Depuis un an, depuis le retour des Indes de leur nièce Célestine de Beauregard,
les Krapov s’étaient remplumés de manière plus que large ! Et cela d’une façon on ne peut plus réglo et légale.
Il y avait eu
d’abord cette histoire du tableau retrouvé dans la longère qui leur servait de datcha. Ils avaient entrepris de loger là pour l’été et c’est en
farfouillant dans les combles que Marina Bourgeoizovna avait déniché cette
nature morte aux poires et aux raisins.
- Qu’est-ce
que c’est que cette croûte ? avait demandé Iosif Ilarionovitch.
- Je ne
sais pas ! Elle était rangée
là-haut. C’est mon paternel qui a acheté ce tableau à un peintre français qui
mangeait du bœuf enragé au siècle
dernier. On l’a cru longtemps égaré
mais le revoilà.

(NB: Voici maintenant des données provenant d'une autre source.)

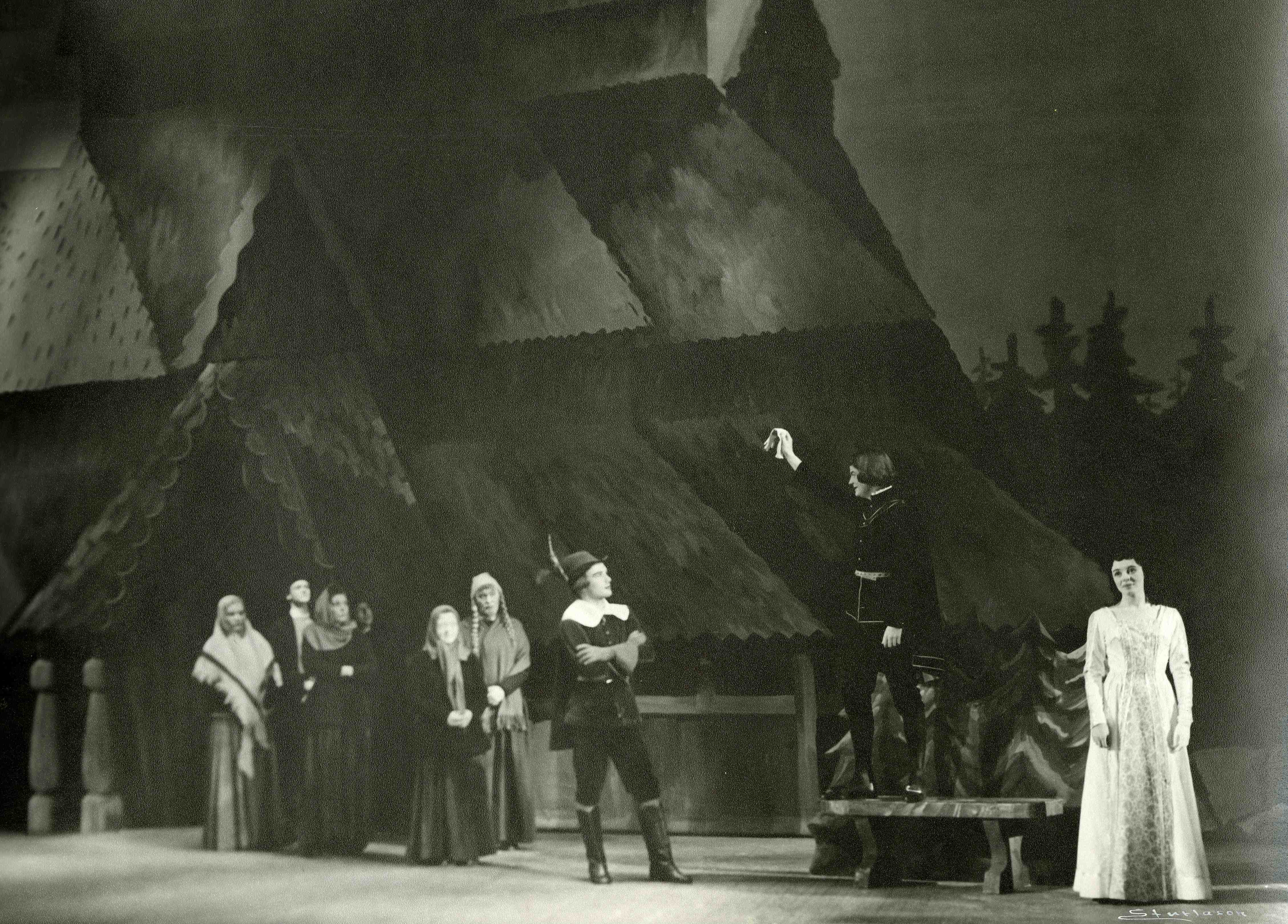 Fotografi fra Oslo Nye Teaters produksjon Kari Trestakk (1962)

Peut-être que ça vaut quelque chose maintenant ? J’irai
le faire expertiser à notre retour à Moscou.
- Les
natures mortes, c’est très démonétisé, tu sais, Marina, maintenant qu’il y a la photographie !
Manque de bol
ou plutôt chance pour le comte, il s’avéra que la toile était un Monet et que désormais
on ne se moquait plus des Impressionnistes. Le tableau fut racheté
immédiatement, réglé rubis sur l’ongle, vite fait bien fait, allegro vivace plutôt que largo, à un prix très élevé, par un
marchand d’art qui s’empressa de le revendre le double en France.
Avec l’argent
ainsi gagné Marina Bourgeoizovna eut une intuition géniale. Un jour que
Célestine de Beauregard exhibait, outre ses yeux bleu lagon et sa tignasse rousse, ses chaussettes de laine tricotées à
la main par son arrière-grand-mère, la sorcière irlandaise Troussecotta, la
comtesse conçut l’idée d’installer un peu partout dans l’empire de Russie du
tsar Nicolas II des comptoirs irlandais. Et cette affaire d’importation de
laines et tricots marcha à merveille. Le comte ne put que faire l’éloge de sa femme devant tous :
« C’est elle qui nous a sortis de la galère,
qui a allégé ma vie, qui m’a alourdi
l’estomac ! Je suis bien content de l’avoir lorgnée au bal des débutantes et de l’avoir épousée. Maintenant je
sais qu’elle m’enjolera encore
longtemps, ma glaréole
d’amour ! ».
Marité constata
en entrant dans le salon de réception que la fête serait belle, qu’on n’avait
pas rogné sur les frais. Pour cette
Saint-Sylvestre toutes ces dames et ces messieurs s’étaient mis sur leur
trente-et-un.
Tomtom la
belle agnelle arborait une robe
rouge tomate, Lira Pavlovna, Laura de Vanel-Coytte, Mapie Maporovana, Edmée de
Laville de Poussy, la célèbre Mamée, tentaient de et réussissaient à l’égaler en prestance. Tisseuse et
Célestine de Beauregard, les deux cousines, et Maryline Dix-huit, l’actrice de
cinéma qui sortait de son succès dans « La Cerisaie », réclamaient
déjà au buffet, d’une voix allègre,
qui une rallonge de Saint-Julien,
qui du rabiot de vinho verde, « Ah bon ? Y’en pas ? Alors un
Muscadet, Nestor ! », qui « Encore un coup de gnole, min garchon ! ».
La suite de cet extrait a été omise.